Re: PANIC in GIN code

From
Heikki Linnakangas
Date:
On 06/26/2015 10:53 PM, Jeff Janes wrote:
> On Fri, Jun 26, 2015 at 11:40 AM, Heikki Linnakangas <hlinnaka@iki.fi>
> wrote:
>
>> The page is being split (that's evident from "info=48" above).
>> ginPlaceToPage calls GinNewBuffer, which calls GetFreeIndexPage(). That
>> finds a page that can be recycled, and marks it as used.
>> RecordUsedIndexPage calls MarkBufferDirtyHint(), which in turn calls
>> XLogSaveBufferForHint() to create a full-page image record of the page.
>> That calls XLogBeginInsert() + XLogInsert(), and leaves the
>> begininsert_called == false.
>>
>> If you had assertions enabled, you'd see the assertion in
>> XLogBeginInsert() to fail.
>>
>> I'll look into that over the weekend..
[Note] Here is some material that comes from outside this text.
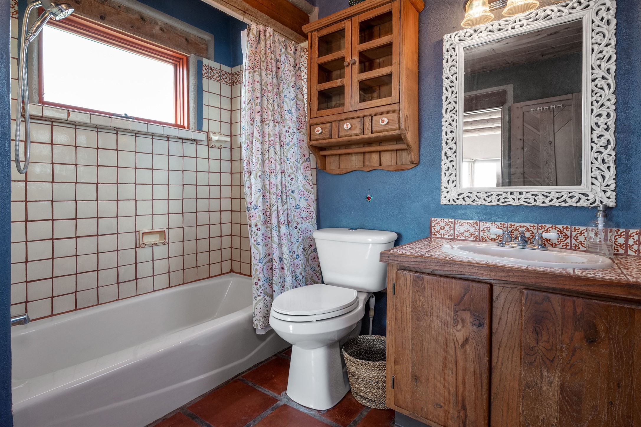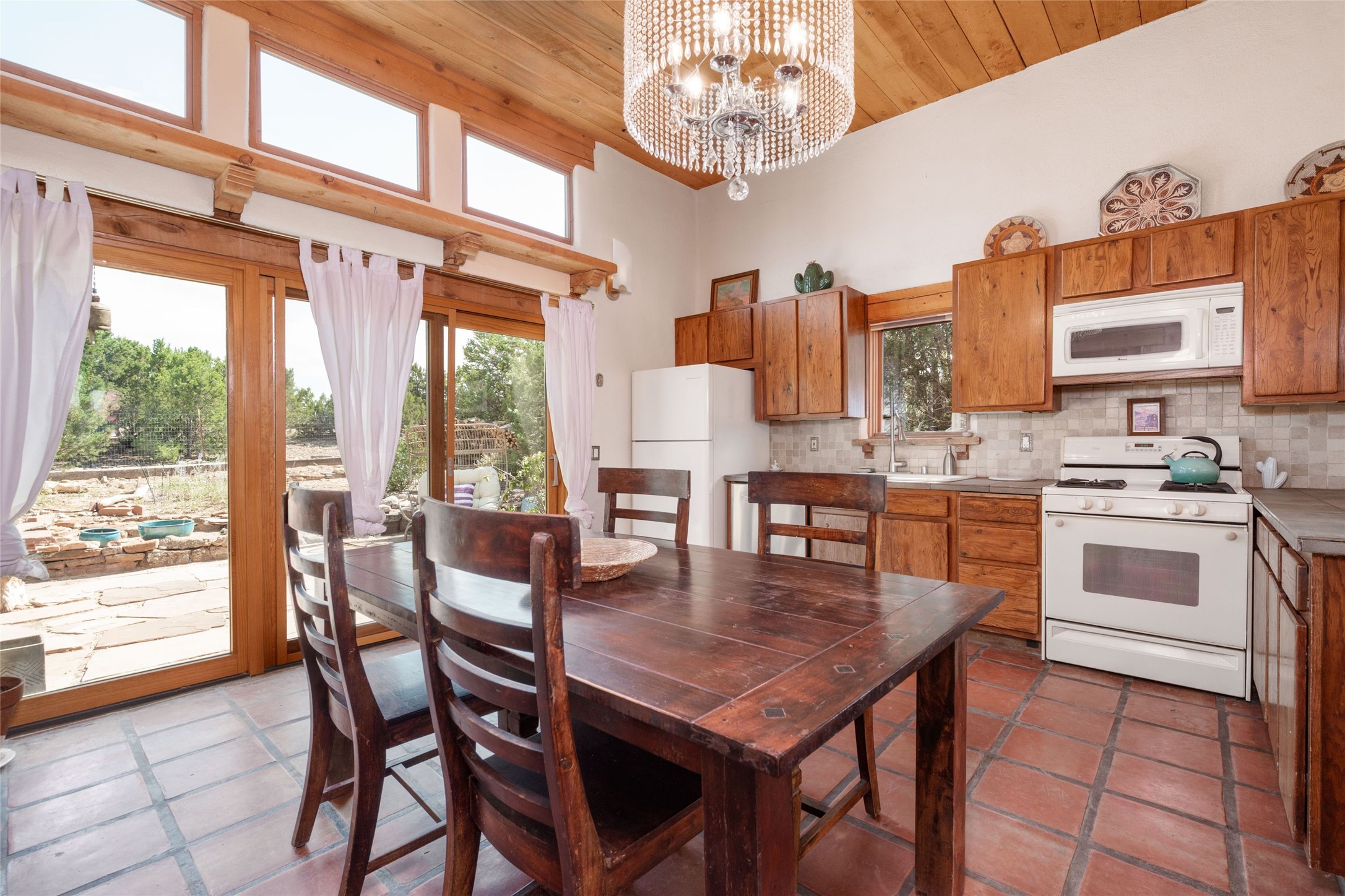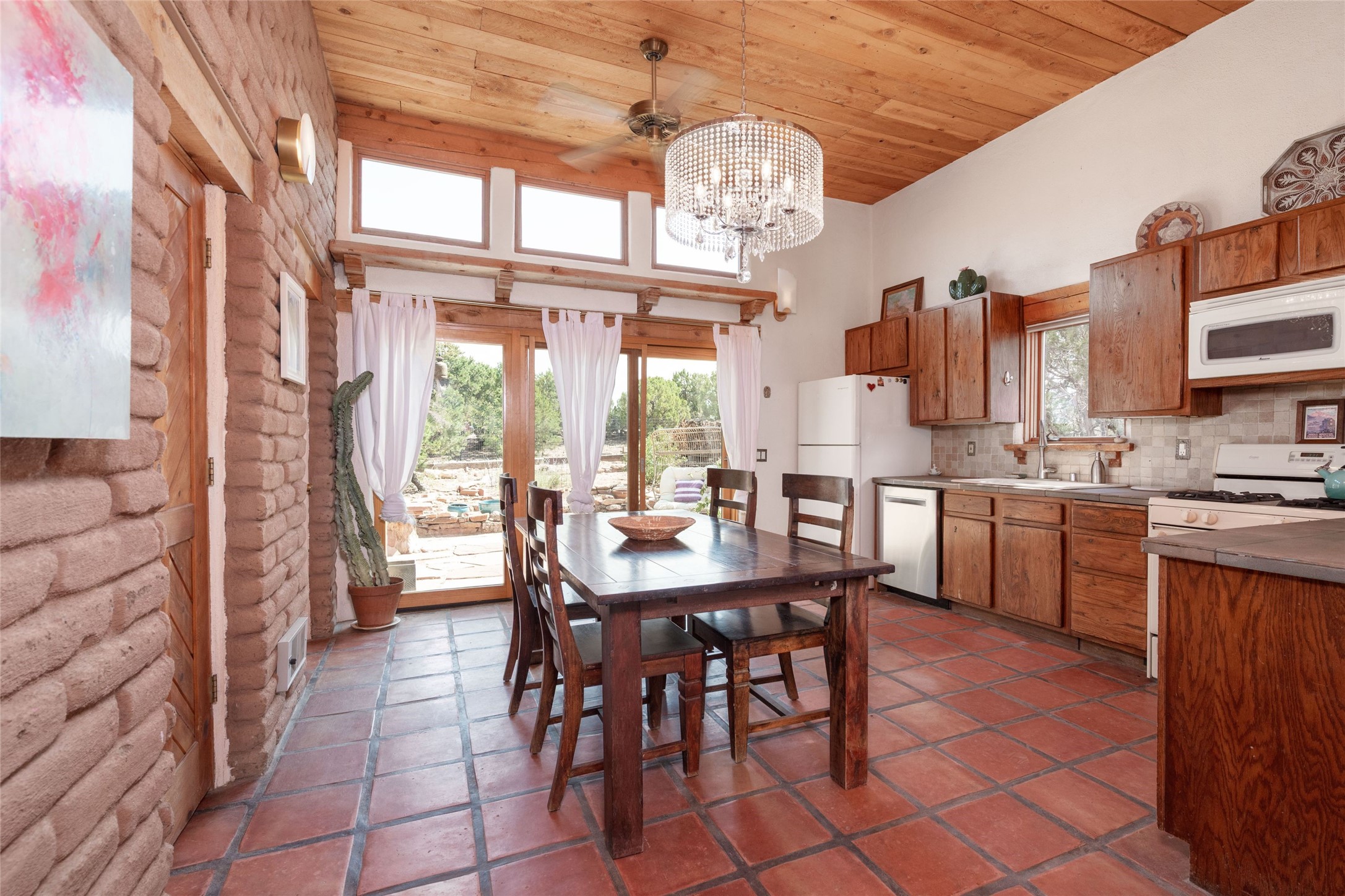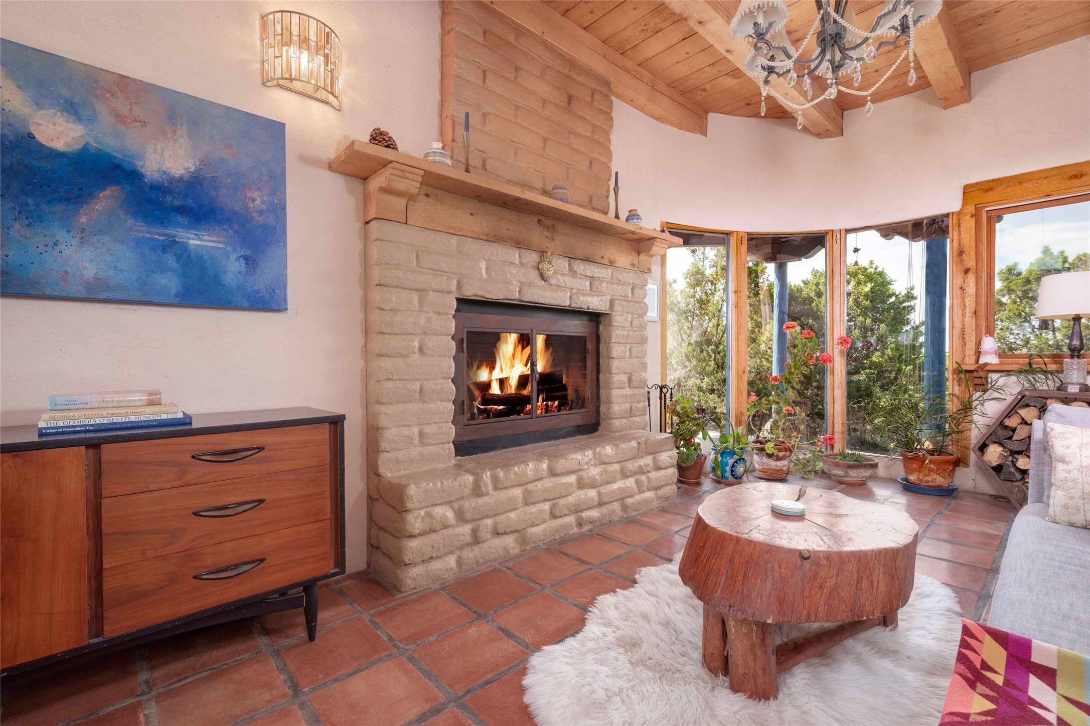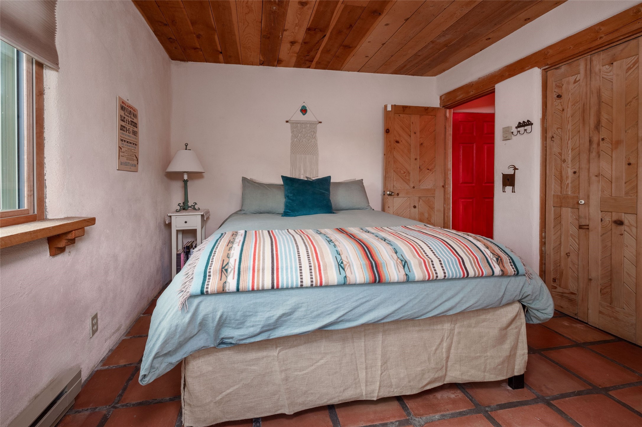 Located on 1.25 acres, a mere 4 miles from the Plaza, Casa del Sol feels like country living ten minutes from town. The Casa has 3 bedrooms and 2 full baths, ample privacy, stunning mountain views, and fantastic light. This classic Pueblo style adobe home was built by hand by artist Paul Glickman with careful attention to detail. You'll find all the classic finishes - vigas and beams, high ceilings, corbels, pretty wood doors, Saltillo tile floors, nichos and 4 fireplaces- kivas and 2 wood burning stoves. The main living areas have an open feel between kitchen, dining and living, as well as high ceilings with clerestory windows for added light and passive solar gain. The South-facing flagstone patio off the kitchen, as well as the Northwest outdoor area off the living room, are perfect for indoor and outdoor living and entertaining. A highlight of this home is the Loretto-inspired wooden spiral staircase to the second-floor primary bedroom, with custom bamboo floors, a wood-burning stove, and an ensuite bath. Outside the upstairs bedroom, a wrap-around deck makes it easy to enjoy big sunset and sunrise views. Down a few steps from the front entry is the guest bedroom, offering good separation and privacy, as well as a cozy corner kiva fireplace. The third bedroom, with its separate entry, can serve several functions: home office, guest suite, den, or studio, and has a wood stove insert in the fireplace as well as a sink. With the adobe construction and a mini split for cooling, the house stays comfortable in winter and summer. A ground-mount solar array provides a surplus of energy almost every month. The property is zoned for livestock, with space for a corral. Brand new roof fall of 2025, with 10 year transferrable warranty! This home is a special retreat, with its charm, exquisite craftsmanship, and stunning views in a tranquil, beautiful, and natural setting. Casa del Sol is one of a kind.

Committed a fix, fortunately it was easy to rearrange that code so that 
XLogBeginInsert() is called after the GinNewBuffer() calls. Can you 
verify that it fixed your test case, please?

> Should the assertion in XLogBeginInsert() be a elog(FATAL,...) instead?
> The performance impact should be negligible (touches process-local memory
> which is already being touched a few instructions later) and it will
> produce better bug reports, and backtraces, should there be more issues.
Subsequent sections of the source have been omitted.